Enjoy your truck. Don't be afraid to PM me.
Golden Jubilee
Posts: 8955
Joined: Thu Dec 27, 2012 12:45 pm
Location: Canada's left Coast
Golden Jubilee
Posts: 455
Joined: Mon Nov 04, 2013 3:06 pm
nikkinutshop wrote:No problem if you let it sit for a year, After all, how long did it sit before you rescued it? When you take the oil pan off, please check the flange where the bolts go.. It is not uncommon to see the flange with some distortion from being over tightened the mating surface will have high and low areas from where the bolts have been over tightened. Your pan may not have this problem, but you should check. Another good piece of advice is to glue the gasket to the pan flange with part number 1050026 or the exact same product from LOCTITE IS 30517. These are a tacky product that will hold the pan gasket in place while you try to position it . Another really good idea is to make guide studs that are about 2 inches long. The guide studs are made from the same diameter and thread count, with the heads cut off. The GS are screwed into the block and they help to guide the pan into place while keeping the pan steady. Put a few of the pan bolts into place then remove the guide studs, and keep them for another time.
Nothing confusing, take it one step at a time and you will get it done and have that good feeling and a nice truck to drive, after.

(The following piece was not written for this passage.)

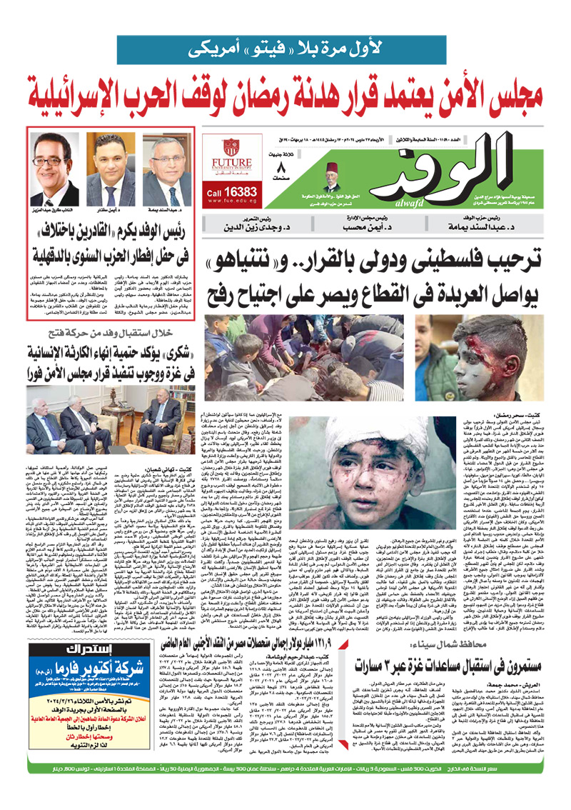 تنشر جريدة الوفد في عددها الصادر، غدًا الأربعاء، الكثير من الموضوعات والتقارير الإخبارية المهمة، أبرزها: "مجلس الأمن يعتمد قرار هدنة رمضان لوقف الحرب الإسرائيلية".
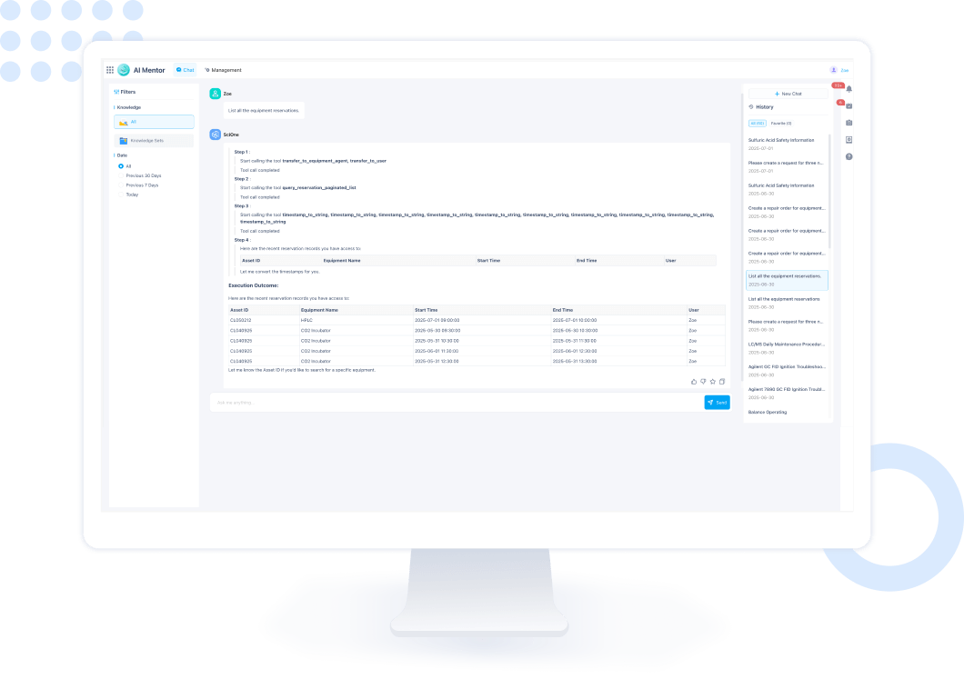 Instantly retrieves protocols, knowledge, and past records

If you are not familiar with torque values for tightening fasteners, this might be a good time to pick p a simple torque wrench for values up to 30 foot pounds and later get another with values up to 150 foot pounds. The pan bolts should not be taken past 15- 15 foot pounds and tighten them around the pan in three passes, say, 5'#, then 10'# and finally 15'#. You may want to go back and check the final value after about ten drives. I like to check Craigslist for a good deal, but be careful. What I often use is the number of fingers torque method. On a 3/8" drive ratchet, I use one finger up to 5'# and two up to 10'#, and three fingers up to 15'#, and so on.